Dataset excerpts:
== Segment start ==
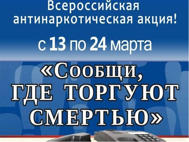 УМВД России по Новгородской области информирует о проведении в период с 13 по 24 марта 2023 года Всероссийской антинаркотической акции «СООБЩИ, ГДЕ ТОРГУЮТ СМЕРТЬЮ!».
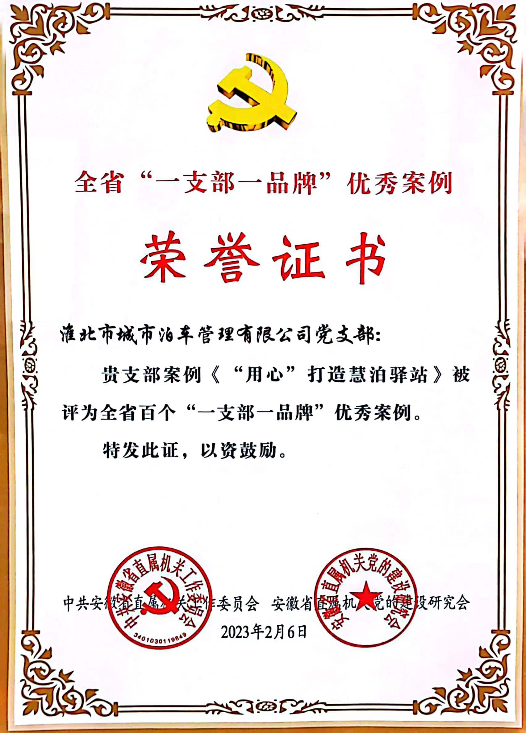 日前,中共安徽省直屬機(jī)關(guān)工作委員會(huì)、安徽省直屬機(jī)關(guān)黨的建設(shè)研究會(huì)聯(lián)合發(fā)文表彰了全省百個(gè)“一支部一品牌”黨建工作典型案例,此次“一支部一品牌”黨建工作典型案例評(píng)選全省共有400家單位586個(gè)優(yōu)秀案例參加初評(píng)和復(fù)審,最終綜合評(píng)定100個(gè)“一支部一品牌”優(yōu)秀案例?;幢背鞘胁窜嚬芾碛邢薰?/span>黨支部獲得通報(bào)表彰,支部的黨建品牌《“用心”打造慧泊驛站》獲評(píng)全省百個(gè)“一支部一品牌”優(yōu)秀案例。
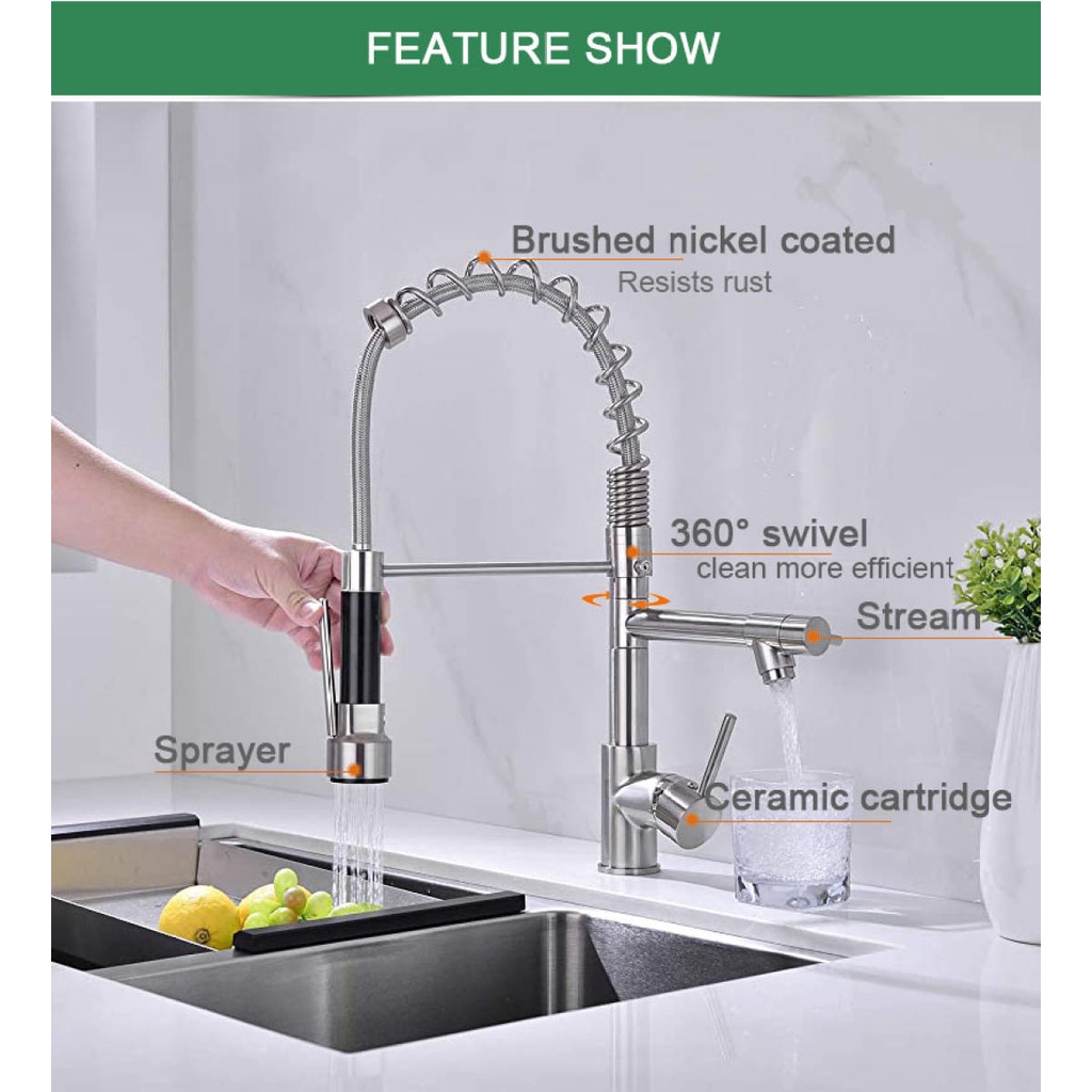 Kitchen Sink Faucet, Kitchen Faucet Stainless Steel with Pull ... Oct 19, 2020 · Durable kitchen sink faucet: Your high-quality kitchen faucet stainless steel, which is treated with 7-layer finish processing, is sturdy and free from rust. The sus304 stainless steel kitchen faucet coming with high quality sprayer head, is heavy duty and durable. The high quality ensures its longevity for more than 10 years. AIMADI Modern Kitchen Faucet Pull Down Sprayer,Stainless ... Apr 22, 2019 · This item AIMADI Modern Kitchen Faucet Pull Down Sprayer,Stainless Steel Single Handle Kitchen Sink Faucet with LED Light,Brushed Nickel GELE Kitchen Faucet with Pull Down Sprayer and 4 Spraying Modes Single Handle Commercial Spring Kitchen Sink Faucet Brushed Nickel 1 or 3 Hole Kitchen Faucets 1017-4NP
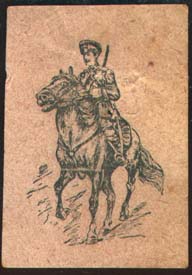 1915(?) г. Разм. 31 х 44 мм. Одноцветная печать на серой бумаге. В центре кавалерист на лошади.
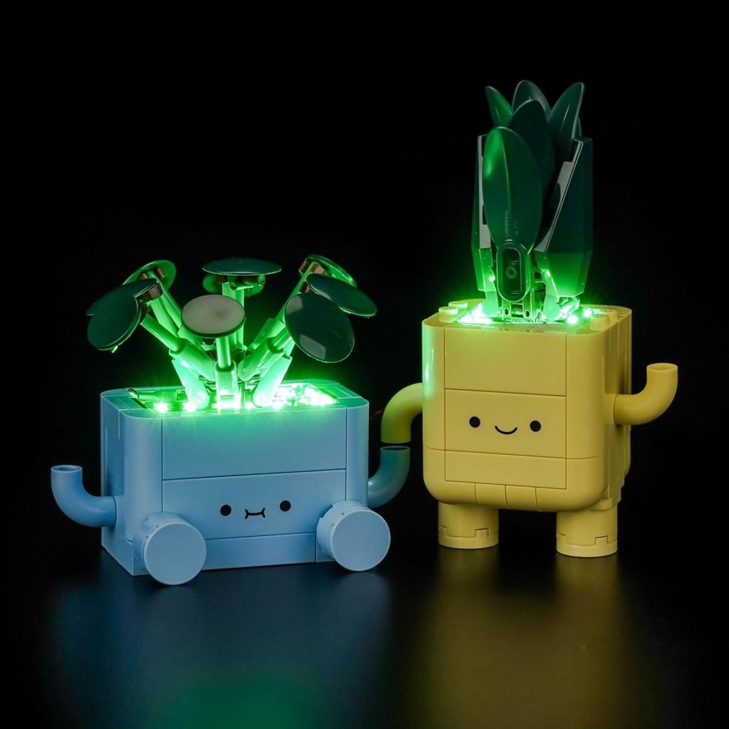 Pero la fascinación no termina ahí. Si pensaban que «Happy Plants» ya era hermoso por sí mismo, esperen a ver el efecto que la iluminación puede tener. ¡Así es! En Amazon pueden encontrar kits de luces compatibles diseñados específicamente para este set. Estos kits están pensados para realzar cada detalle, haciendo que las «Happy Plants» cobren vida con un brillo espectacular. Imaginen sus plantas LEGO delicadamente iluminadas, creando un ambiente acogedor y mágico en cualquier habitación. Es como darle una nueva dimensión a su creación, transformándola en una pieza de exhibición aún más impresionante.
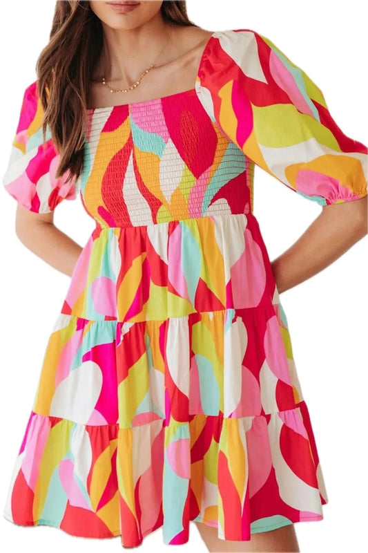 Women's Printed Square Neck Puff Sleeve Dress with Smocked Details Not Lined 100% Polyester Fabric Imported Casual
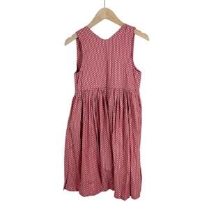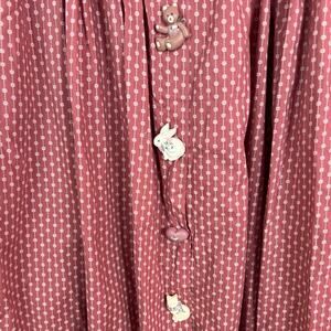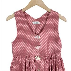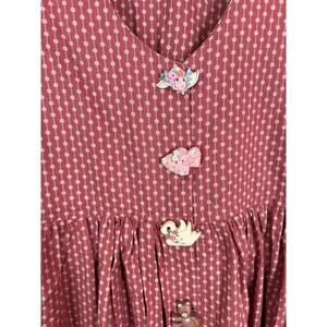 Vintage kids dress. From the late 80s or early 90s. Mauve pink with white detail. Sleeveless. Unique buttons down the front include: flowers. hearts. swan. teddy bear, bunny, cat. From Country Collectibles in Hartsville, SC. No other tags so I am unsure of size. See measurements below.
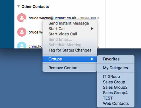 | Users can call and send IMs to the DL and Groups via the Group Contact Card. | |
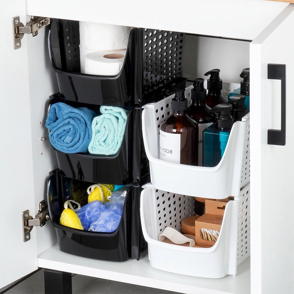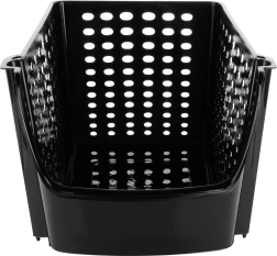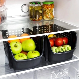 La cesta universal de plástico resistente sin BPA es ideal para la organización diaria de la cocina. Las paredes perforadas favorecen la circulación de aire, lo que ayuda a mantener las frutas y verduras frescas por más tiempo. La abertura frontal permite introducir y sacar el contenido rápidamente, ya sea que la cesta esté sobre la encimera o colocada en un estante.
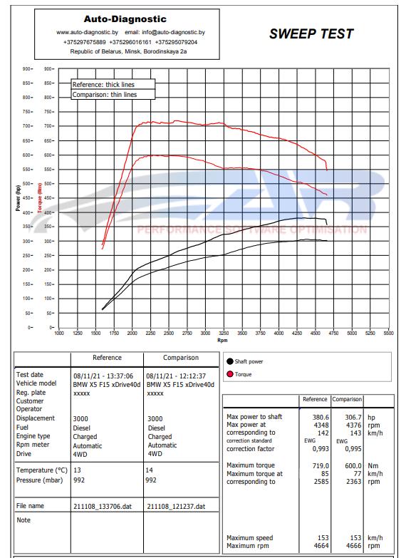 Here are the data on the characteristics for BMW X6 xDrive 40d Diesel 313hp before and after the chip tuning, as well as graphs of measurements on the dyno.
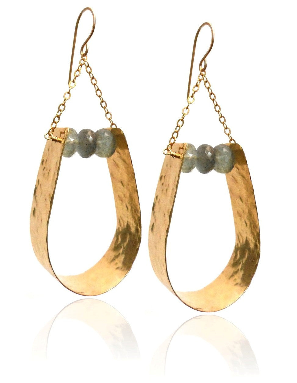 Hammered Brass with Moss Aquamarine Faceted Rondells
== Segment end ==
Because the copy must hold no pictures, return only the lines that run from the line containing "1915(?) г. Разм." to the end of the data above, each exactly as it stands.

 1915(?) г. Разм. 31 х 44 мм. Одноцветная печать на серой бумаге. В центре кавалерист на лошади.
 Pero la fascinación no termina ahí. Si pensaban que «Happy Plants» ya era hermoso por sí mismo, esperen a ver el efecto que la iluminación puede tener. ¡Así es! En Amazon pueden encontrar kits de luces compatibles diseñados específicamente para este set. Estos kits están pensados para realzar cada detalle, haciendo que las «Happy Plants» cobren vida con un brillo espectacular. Imaginen sus plantas LEGO delicadamente iluminadas, creando un ambiente acogedor y mágico en cualquier habitación. Es como darle una nueva dimensión a su creación, transformándola en una pieza de exhibición aún más impresionante.
 Women's Printed Square Neck Puff Sleeve Dress with Smocked Details Not Lined 100% Polyester Fabric Imported Casual
 Vintage kids dress. From the late 80s or early 90s. Mauve pink with white detail. Sleeveless. Unique buttons down the front include: flowers. hearts. swan. teddy bear, bunny, cat. From Country Collectibles in Hartsville, SC. No other tags so I am unsure of size. See measurements below.
 | Users can call and send IMs to the DL and Groups via the Group Contact Card. | |
 La cesta universal de plástico resistente sin BPA es ideal para la organización diaria de la cocina. Las paredes perforadas favorecen la circulación de aire, lo que ayuda a mantener las frutas y verduras frescas por más tiempo. La abertura frontal permite introducir y sacar el contenido rápidamente, ya sea que la cesta esté sobre la encimera o colocada en un estante.
 Here are the data on the characteristics for BMW X6 xDrive 40d Diesel 313hp before and after the chip tuning, as well as graphs of measurements on the dyno.
 Hammered Brass with Moss Aquamarine Faceted Rondells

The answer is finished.